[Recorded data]
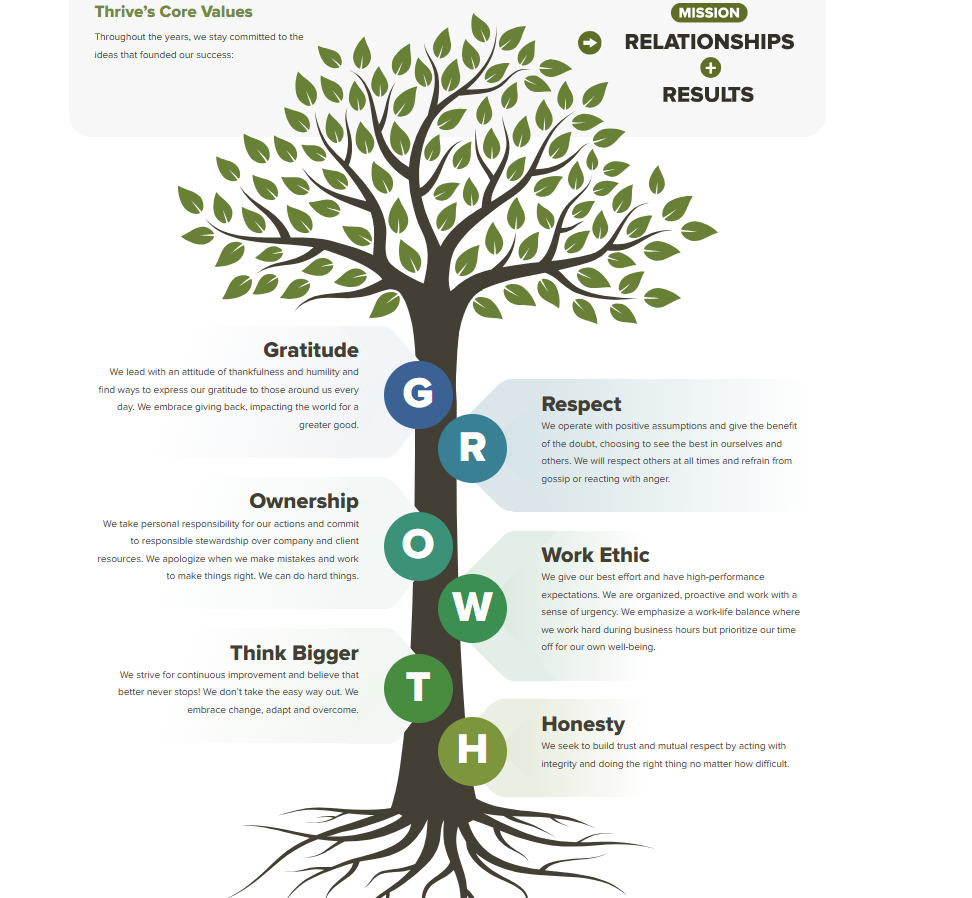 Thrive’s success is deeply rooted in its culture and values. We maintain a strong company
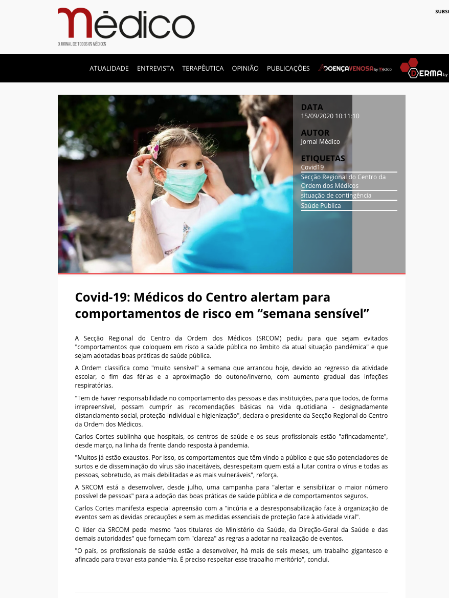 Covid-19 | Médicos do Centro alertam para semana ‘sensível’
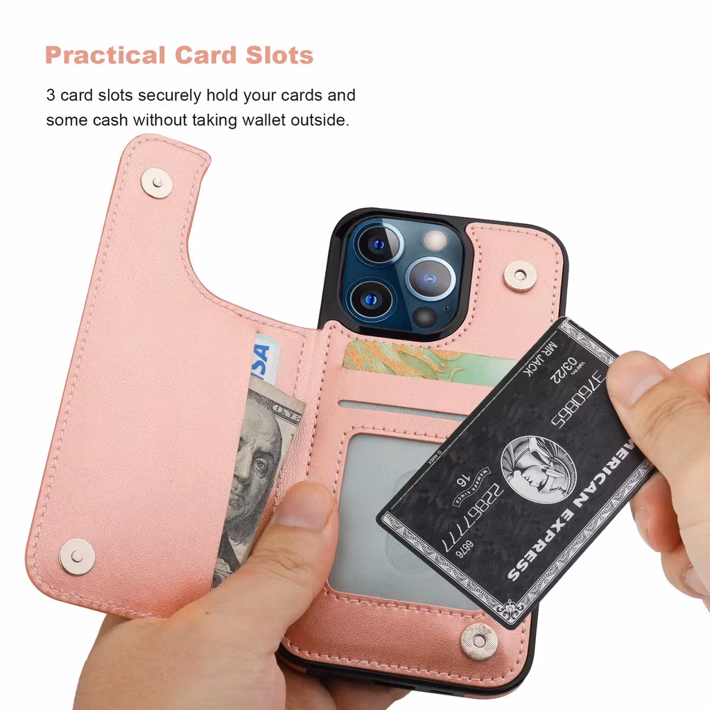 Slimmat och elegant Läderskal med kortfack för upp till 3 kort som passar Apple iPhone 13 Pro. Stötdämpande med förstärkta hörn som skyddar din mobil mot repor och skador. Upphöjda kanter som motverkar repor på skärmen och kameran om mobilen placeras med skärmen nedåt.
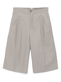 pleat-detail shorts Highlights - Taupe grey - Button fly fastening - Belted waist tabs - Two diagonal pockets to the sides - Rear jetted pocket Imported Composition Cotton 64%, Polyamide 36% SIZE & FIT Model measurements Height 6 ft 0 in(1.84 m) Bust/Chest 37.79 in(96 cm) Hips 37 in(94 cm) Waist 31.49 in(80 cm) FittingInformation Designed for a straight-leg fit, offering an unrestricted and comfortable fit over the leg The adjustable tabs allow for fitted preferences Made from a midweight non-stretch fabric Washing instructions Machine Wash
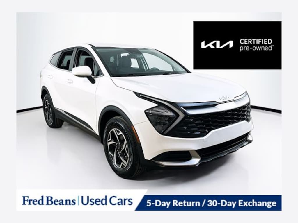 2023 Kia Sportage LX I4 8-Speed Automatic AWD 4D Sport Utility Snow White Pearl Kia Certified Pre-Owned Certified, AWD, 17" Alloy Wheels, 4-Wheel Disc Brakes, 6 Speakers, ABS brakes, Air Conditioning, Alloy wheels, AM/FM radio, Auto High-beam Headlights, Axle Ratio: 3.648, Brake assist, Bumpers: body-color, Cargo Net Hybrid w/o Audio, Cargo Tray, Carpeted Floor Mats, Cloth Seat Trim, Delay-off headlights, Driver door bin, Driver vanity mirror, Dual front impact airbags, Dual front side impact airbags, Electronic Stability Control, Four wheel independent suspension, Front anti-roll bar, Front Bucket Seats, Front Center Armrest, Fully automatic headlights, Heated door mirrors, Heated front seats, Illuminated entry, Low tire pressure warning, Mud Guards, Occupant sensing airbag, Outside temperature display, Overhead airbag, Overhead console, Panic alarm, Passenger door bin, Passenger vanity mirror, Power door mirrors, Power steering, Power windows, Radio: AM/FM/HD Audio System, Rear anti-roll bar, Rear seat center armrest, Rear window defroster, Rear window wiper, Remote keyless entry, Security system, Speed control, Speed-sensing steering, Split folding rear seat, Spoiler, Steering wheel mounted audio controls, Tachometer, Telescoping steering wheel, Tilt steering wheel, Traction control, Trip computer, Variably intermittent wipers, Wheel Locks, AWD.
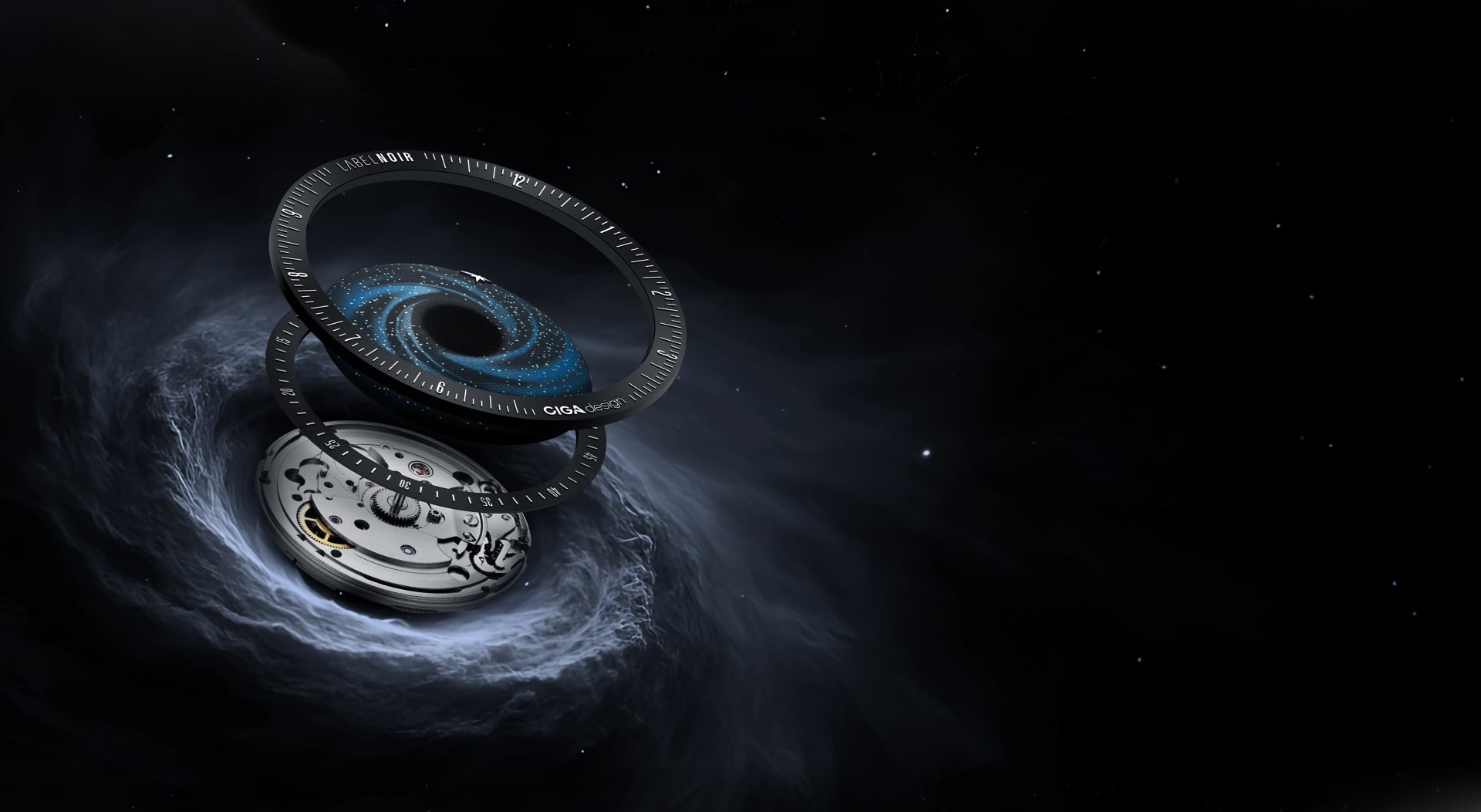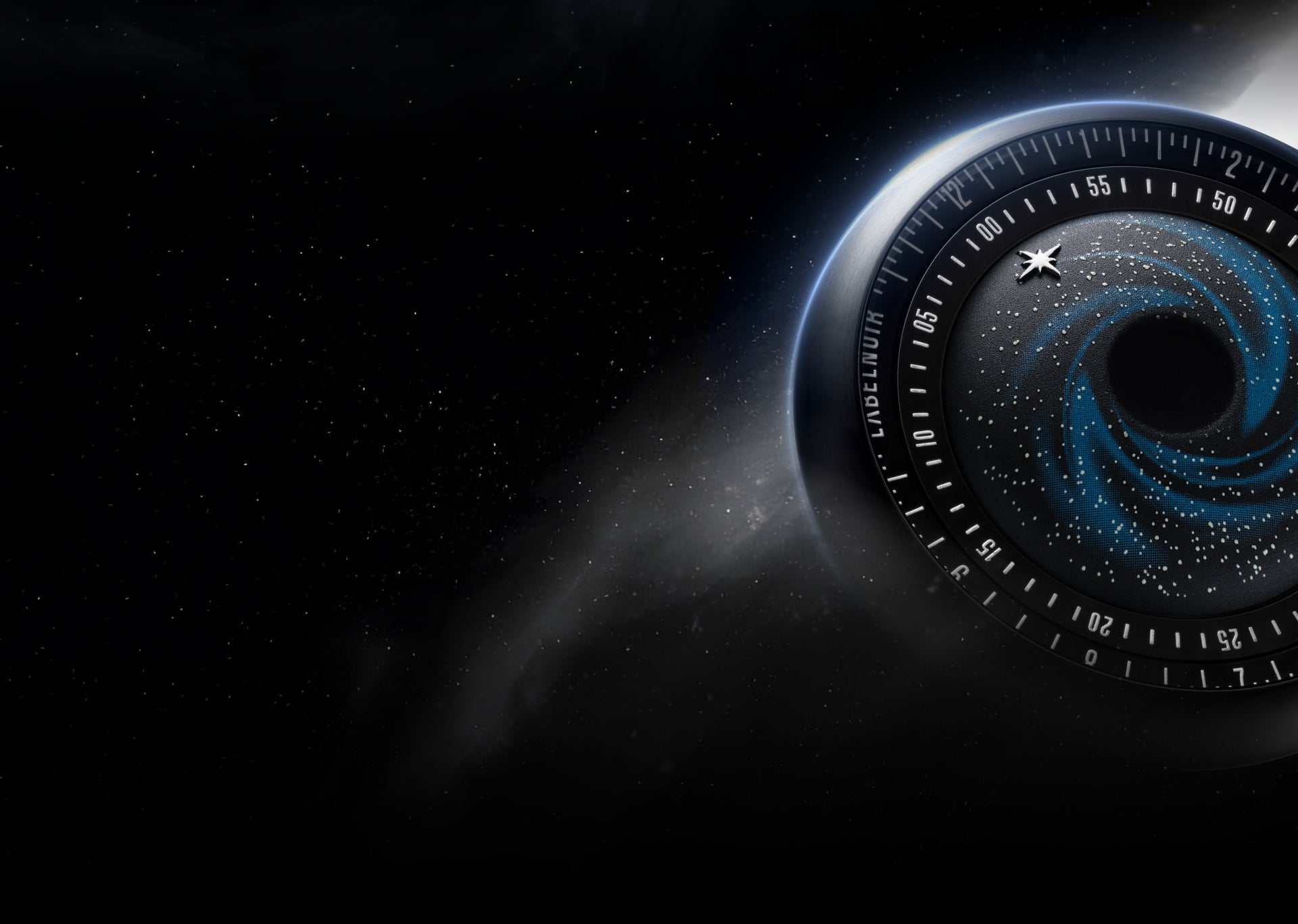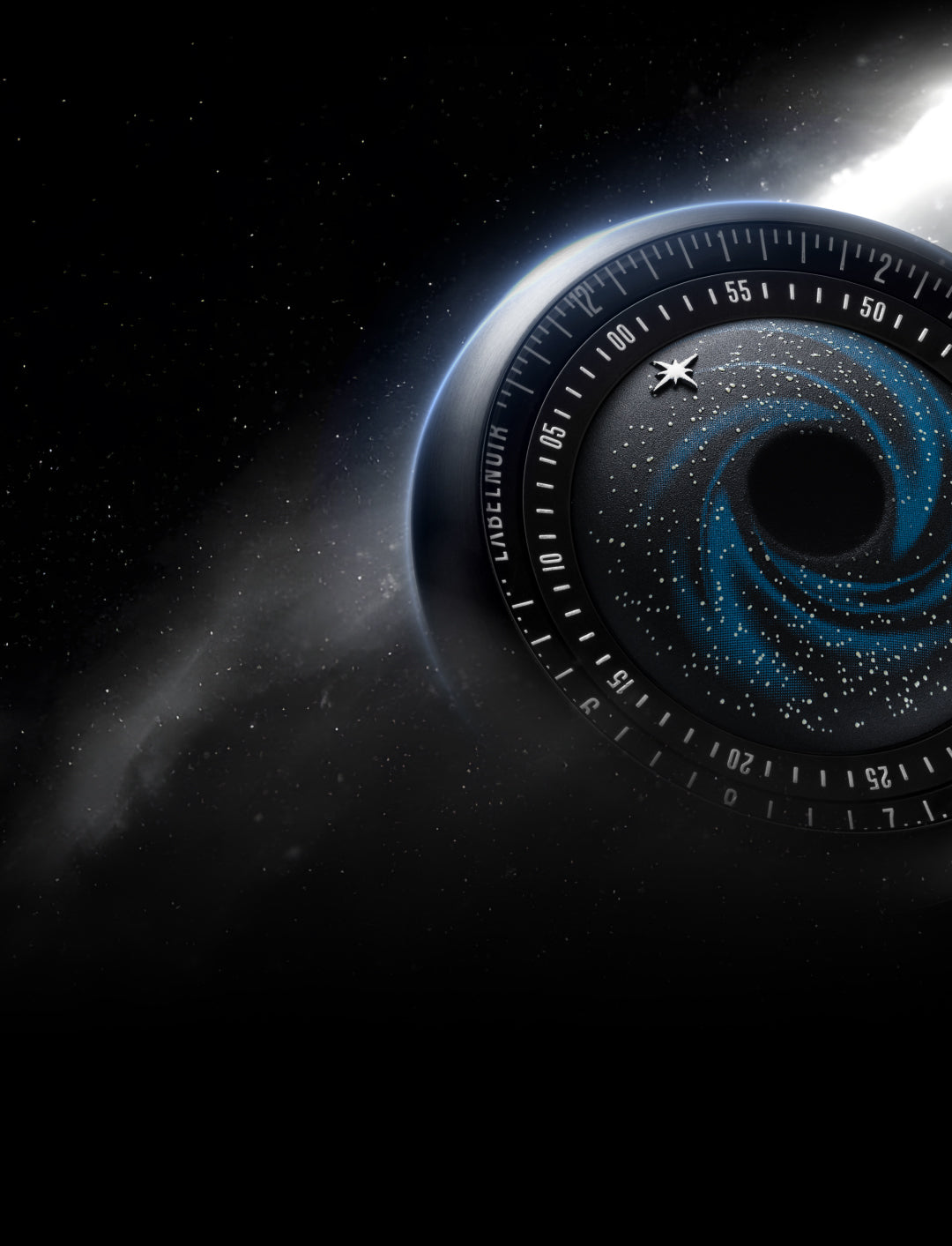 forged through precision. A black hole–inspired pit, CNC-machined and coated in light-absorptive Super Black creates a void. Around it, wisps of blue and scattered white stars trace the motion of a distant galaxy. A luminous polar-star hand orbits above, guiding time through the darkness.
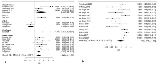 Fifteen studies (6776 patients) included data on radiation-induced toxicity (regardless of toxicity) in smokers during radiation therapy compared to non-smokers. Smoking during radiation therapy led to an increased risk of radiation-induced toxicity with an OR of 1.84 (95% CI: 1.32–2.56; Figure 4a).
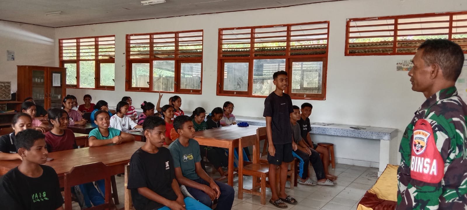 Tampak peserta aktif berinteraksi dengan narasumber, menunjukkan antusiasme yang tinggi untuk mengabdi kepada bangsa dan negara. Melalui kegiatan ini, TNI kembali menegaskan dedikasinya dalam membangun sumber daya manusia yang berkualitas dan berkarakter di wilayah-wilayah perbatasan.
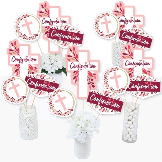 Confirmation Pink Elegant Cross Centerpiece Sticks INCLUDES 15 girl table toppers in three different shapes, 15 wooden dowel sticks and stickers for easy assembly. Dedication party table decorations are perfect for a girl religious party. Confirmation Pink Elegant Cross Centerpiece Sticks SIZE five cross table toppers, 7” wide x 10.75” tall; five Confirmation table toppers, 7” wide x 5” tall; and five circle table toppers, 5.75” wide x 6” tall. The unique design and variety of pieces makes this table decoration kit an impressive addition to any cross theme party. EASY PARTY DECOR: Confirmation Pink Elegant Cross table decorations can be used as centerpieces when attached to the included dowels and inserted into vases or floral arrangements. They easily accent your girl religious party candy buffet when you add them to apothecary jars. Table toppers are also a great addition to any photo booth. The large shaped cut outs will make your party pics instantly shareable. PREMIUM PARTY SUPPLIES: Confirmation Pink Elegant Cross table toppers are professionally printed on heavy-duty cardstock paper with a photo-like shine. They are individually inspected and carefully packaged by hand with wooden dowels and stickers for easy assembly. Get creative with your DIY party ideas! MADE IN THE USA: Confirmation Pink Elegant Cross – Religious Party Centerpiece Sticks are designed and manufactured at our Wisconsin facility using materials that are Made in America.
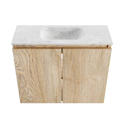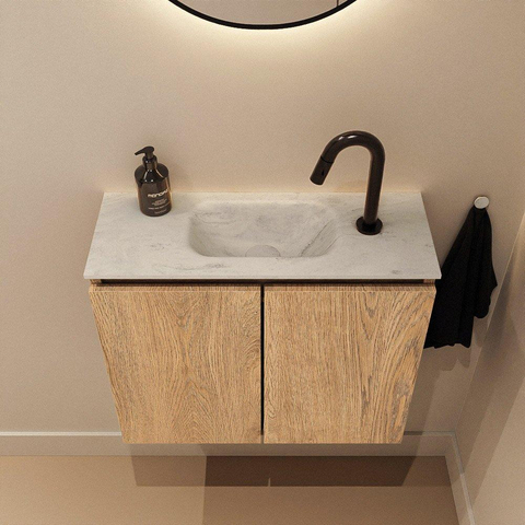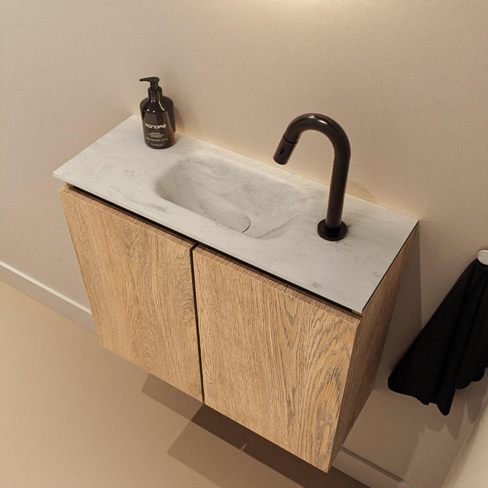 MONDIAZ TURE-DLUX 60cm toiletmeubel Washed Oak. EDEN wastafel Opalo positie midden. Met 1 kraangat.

PROBLEM TO SOLVE:
Could you retype the records above exactly, omitting the pictures?

ANSWER TO THIS TASK:
 Thrive’s success is deeply rooted in its culture and values. We maintain a strong company
 Covid-19 | Médicos do Centro alertam para semana ‘sensível’
 Slimmat och elegant Läderskal med kortfack för upp till 3 kort som passar Apple iPhone 13 Pro. Stötdämpande med förstärkta hörn som skyddar din mobil mot repor och skador. Upphöjda kanter som motverkar repor på skärmen och kameran om mobilen placeras med skärmen nedåt.
 pleat-detail shorts Highlights - Taupe grey - Button fly fastening - Belted waist tabs - Two diagonal pockets to the sides - Rear jetted pocket Imported Composition Cotton 64%, Polyamide 36% SIZE & FIT Model measurements Height 6 ft 0 in(1.84 m) Bust/Chest 37.79 in(96 cm) Hips 37 in(94 cm) Waist 31.49 in(80 cm) FittingInformation Designed for a straight-leg fit, offering an unrestricted and comfortable fit over the leg The adjustable tabs allow for fitted preferences Made from a midweight non-stretch fabric Washing instructions Machine Wash
 2023 Kia Sportage LX I4 8-Speed Automatic AWD 4D Sport Utility Snow White Pearl Kia Certified Pre-Owned Certified, AWD, 17" Alloy Wheels, 4-Wheel Disc Brakes, 6 Speakers, ABS brakes, Air Conditioning, Alloy wheels, AM/FM radio, Auto High-beam Headlights, Axle Ratio: 3.648, Brake assist, Bumpers: body-color, Cargo Net Hybrid w/o Audio, Cargo Tray, Carpeted Floor Mats, Cloth Seat Trim, Delay-off headlights, Driver door bin, Driver vanity mirror, Dual front impact airbags, Dual front side impact airbags, Electronic Stability Control, Four wheel independent suspension, Front anti-roll bar, Front Bucket Seats, Front Center Armrest, Fully automatic headlights, Heated door mirrors, Heated front seats, Illuminated entry, Low tire pressure warning, Mud Guards, Occupant sensing airbag, Outside temperature display, Overhead airbag, Overhead console, Panic alarm, Passenger door bin, Passenger vanity mirror, Power door mirrors, Power steering, Power windows, Radio: AM/FM/HD Audio System, Rear anti-roll bar, Rear seat center armrest, Rear window defroster, Rear window wiper, Remote keyless entry, Security system, Speed control, Speed-sensing steering, Split folding rear seat, Spoiler, Steering wheel mounted audio controls, Tachometer, Telescoping steering wheel, Tilt steering wheel, Traction control, Trip computer, Variably intermittent wipers, Wheel Locks, AWD.
 forged through precision. A black hole–inspired pit, CNC-machined and coated in light-absorptive Super Black creates a void. Around it, wisps of blue and scattered white stars trace the motion of a distant galaxy. A luminous polar-star hand orbits above, guiding time through the darkness.
 Fifteen studies (6776 patients) included data on radiation-induced toxicity (regardless of toxicity) in smokers during radiation therapy compared to non-smokers. Smoking during radiation therapy led to an increased risk of radiation-induced toxicity with an OR of 1.84 (95% CI: 1.32–2.56; Figure 4a).
 Tampak peserta aktif berinteraksi dengan narasumber, menunjukkan antusiasme yang tinggi untuk mengabdi kepada bangsa dan negara. Melalui kegiatan ini, TNI kembali menegaskan dedikasinya dalam membangun sumber daya manusia yang berkualitas dan berkarakter di wilayah-wilayah perbatasan.
 Confirmation Pink Elegant Cross Centerpiece Sticks INCLUDES 15 girl table toppers in three different shapes, 15 wooden dowel sticks and stickers for easy assembly. Dedication party table decorations are perfect for a girl religious party. Confirmation Pink Elegant Cross Centerpiece Sticks SIZE five cross table toppers, 7” wide x 10.75” tall; five Confirmation table toppers, 7” wide x 5” tall; and five circle table toppers, 5.75” wide x 6” tall. The unique design and variety of pieces makes this table decoration kit an impressive addition to any cross theme party. EASY PARTY DECOR: Confirmation Pink Elegant Cross table decorations can be used as centerpieces when attached to the included dowels and inserted into vases or floral arrangements. They easily accent your girl religious party candy buffet when you add them to apothecary jars. Table toppers are also a great addition to any photo booth. The large shaped cut outs will make your party pics instantly shareable. PREMIUM PARTY SUPPLIES: Confirmation Pink Elegant Cross table toppers are professionally printed on heavy-duty cardstock paper with a photo-like shine. They are individually inspected and carefully packaged by hand with wooden dowels and stickers for easy assembly. Get creative with your DIY party ideas! MADE IN THE USA: Confirmation Pink Elegant Cross – Religious Party Centerpiece Sticks are designed and manufactured at our Wisconsin facility using materials that are Made in America.
 MONDIAZ TURE-DLUX 60cm toiletmeubel Washed Oak. EDEN wastafel Opalo positie midden. Met 1 kraangat.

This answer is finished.